We focus in the following on PICs for linear optics featuring beamsplitters and phase shifters, but our approach is generalizable to PICs manipulating for instance polarization of photons and featuring non-linear optical elements.

2. MODELLING PHOTONIC INTEGRATED CIRCUIT IMPERFECTIONS

The relevant imperfections in PICs for linear optics are as shown in Fig. 1(a):

  • • Beamsplitter reflectivity deviating from the target value. On-chip beamsplitters are realized by directional couplers [30]. Fabrication introduces random and systematic errors. Systematic errors also occur due to deviations of the light wavelength of the user from the fabrication wavelength. For universal-scheme PICs, which can in practice implement any unitary matrix acting on the spatial input modes, beamsplitter errors reduce the number of implementable unitary matrices [20,31].
  • • Passive phases [32] due to waveguide length differences and inhomogeneities of the refractive index. As a consequence, phase shifters induce a non-zero phase even when no voltage/electric current is applied. Passive phases add a layer of difficulty to the characterization process.
  • • Crosstalk induced by reconfigurable components. For instance, heat produced by a thermo-optic phase shifter [33] diffuses and distorts the action of other phase shifters [34]. Crosstalk is also expected in the case of phase shifters harnessing strain-induced birefringence [35] or the electro-optic effect [36]. Electric crosstalk can occur if the phase shifters share a common electric ground.
  • • Inhomogeneous input and output optical transmissions, due to differences in the optical coupling to the PIC or in light detection efficiencies. In practice, absorption losses in the PIC waveguides may not be entirely homogeneous. Nevertheless, we will assume uniformity of internal absorption losses.

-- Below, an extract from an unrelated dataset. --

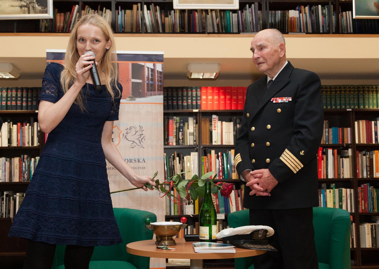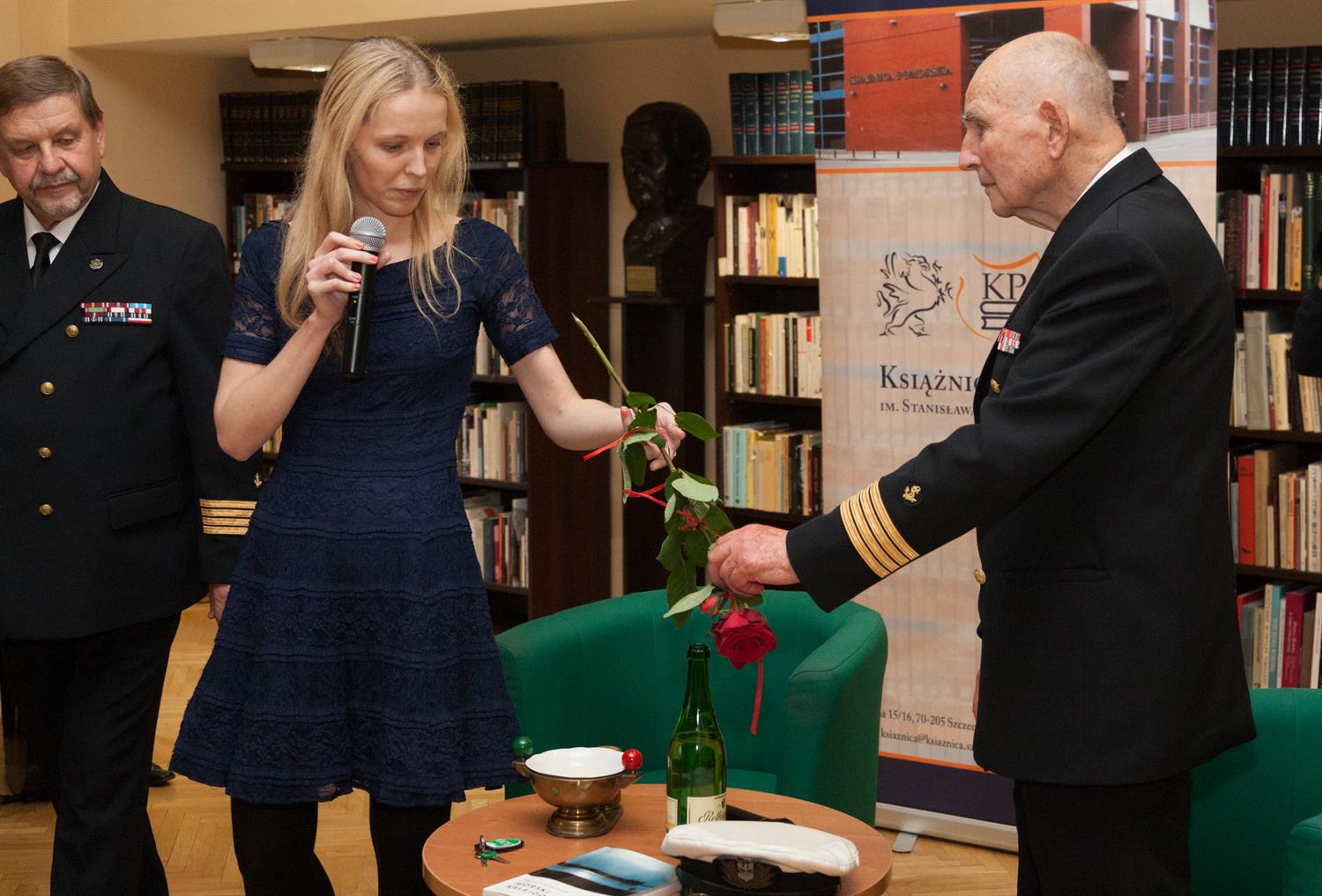 – Miałam przyjemność pracować z panem Eugeniuszem i robić drobne korekty – mówiła Karolina Boniecka, która została matką chrzestną „Morskiego kalejdoskopu” i zwodowała książkę, skrapiając ją – za pomocą róży – szampanem.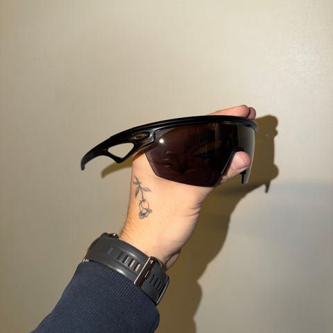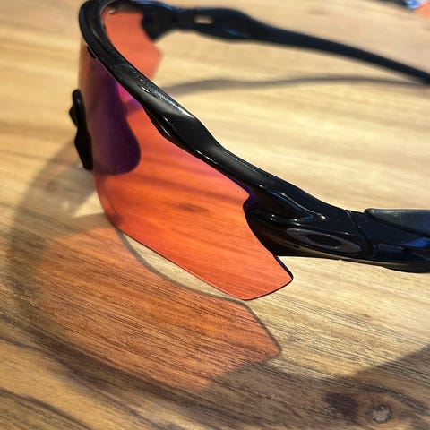 Selger et par pent brukte Oakley-briller. De to siste bildene viser det jeg kan se av skader på dem. Utover normal bruksslitasje er de i veldig god stand. De har alltid blitt oppbevart i mikrofiber-posen og hardcasen, som medfølger.

The number of modes $m$ of a PIC is the number of input/output ports. The physical action of a PIC is encapsulated in an $m \times m$ matrix $U$ whose element $|{u_{i,j}}{|^2}$ represents the probability that photons injected in the input port $j$ exit through the output port $i$. This picture is valid both in classical electrodynamics and in quantum optics. $U$ may be non unitary to account for losses in the system. We use the following convention for an on-chip beamsplitter of reflectivity $R$:

$$\left[{\begin{array}{*{20}{c}}{\sqrt R}&{i\sqrt {1 - R}}\\{i\sqrt {1 - R}}&{\sqrt R}\end{array}} \right].$$

The matrix $U(\vec \phi ,\vec R)$ implemented by a PIC with phases $\vec \phi$ on its phase shifters and beamsplitters of reflectivity $\vec R$ is the matrix product of its individual components. If the ${i^{{\rm th}}}$ input (resp. output) port has optical transmission $T$, we model this by multiplying the ${i^{{\rm th}}}$ column (resp. row) of $U(\vec \phi ,\vec R)$ by $\sqrt T$. The lists of optical input and output transmissions are denoted ${\vec T_{{\rm in}}}$ and ${\vec T_{{\rm out}}}$. We normalize the maximum value of ${\vec T_{{\rm out}}}$ to 1; hence, ${\vec T_{{\rm in}}}$ contains both the input inhomogeneities and the uniform global setup losses. The resulting $m \times m$ matrix modelling the PIC is denoted $U(\vec \phi ,\vec R,{\vec T_{{\rm in}}},{\vec T_{{\rm out}}})$.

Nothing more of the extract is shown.